基于频域衰减的时域全波形反演

时域全波形反演由于采用了全频段信息,因此在迭代过程中不同波长的信息不能由低到高的逐步重建,极易陷入局部极小值.本文通过分频段的方式,对地震数据做正反傅里叶变换,利用频域指数衰减的方法逐级分离出地震数据中的高频成分,在时域上实现由低频向高频的波形反演,从而降低了反演的非线性,使不同波长的信息得到稳步恢复.同时,在高频成分衰减的过程中,后至波的能量也被削弱,由此也降低了深层反射在初始反演过程中的干扰.整个反演仅增加对数据做正反傅里叶变换过程,相较于混合域反演,无需提取全部波场的相应频率成分.在计算效率方面,利用GPU进行加速,并采用CUDA自带函数库中cufft来提高计算效率.通过对Marmousi模型测试,验证了所述方法的有效性.
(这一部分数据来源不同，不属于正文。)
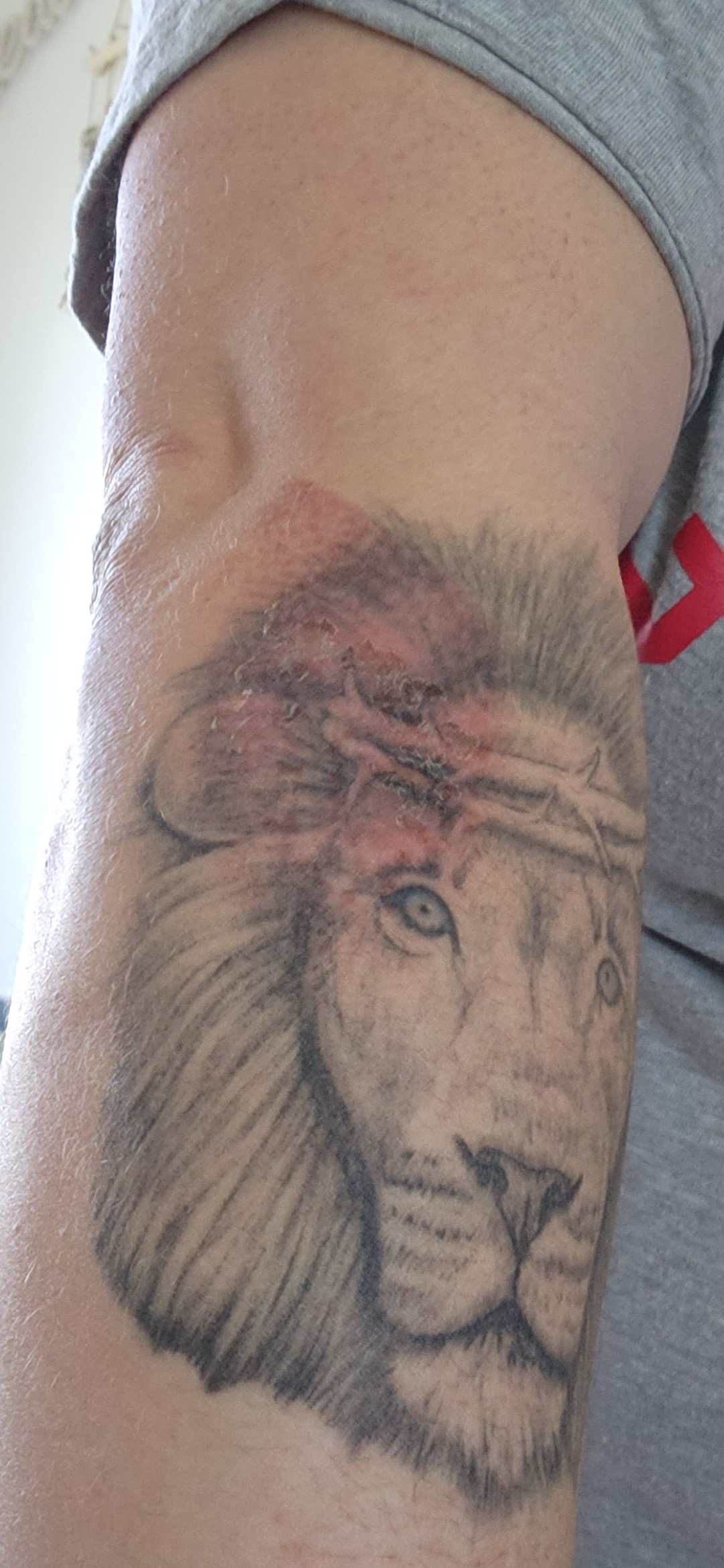 I’m thankful to hear God’s voice. I have been criticized in the past. God wouldn’t tell you that. Or God wouldn’t say that. That’s not God, that’s Satan. I know my Lord’s voice. And I’m learning to listen to him on the first time. (Trying to. Cause I’m not the sharpest tool in the shed and I’m a simple minded blonde. But thankfully God knows that.) The first picture is when I initially got the tattoo done, the middle picture is after the burn, just a large scorched area (nice picture before the blistering and scabbing) and the final picture shows the scaring on the crown of thorns. I thought God’s placement was pretty perfect too, thought His plans always are perfect.

Time domain full waveform inversion based on frequency attenuation

Because the full frequency range information is used in time domain full waveform inversion, different wavelengths can not be reconstructed gradually. So it is easy to fall into local minimum value. In this paper, we extract different frequency bands from seismic data by Fourier transform. Different level of high frequency components can be separated by attenuating corresponding frequency ranges, and time domain full waveform inversion is implemented from low to high frequency. At the same time, latter arrivals are attenuated and this can reduce the interference in the process of shallow part inversion. Fourier transform is only required for the shot gathers, compared with hybrid domain inversion, and don't need to extract the corresponding frequency components of all wavefields. In the aspect of computing efficiency, the algorithm is based on GPU and uses cufft to further improve the efficiency of calculation. Through the Marmouse model test, the validity of this method is verified.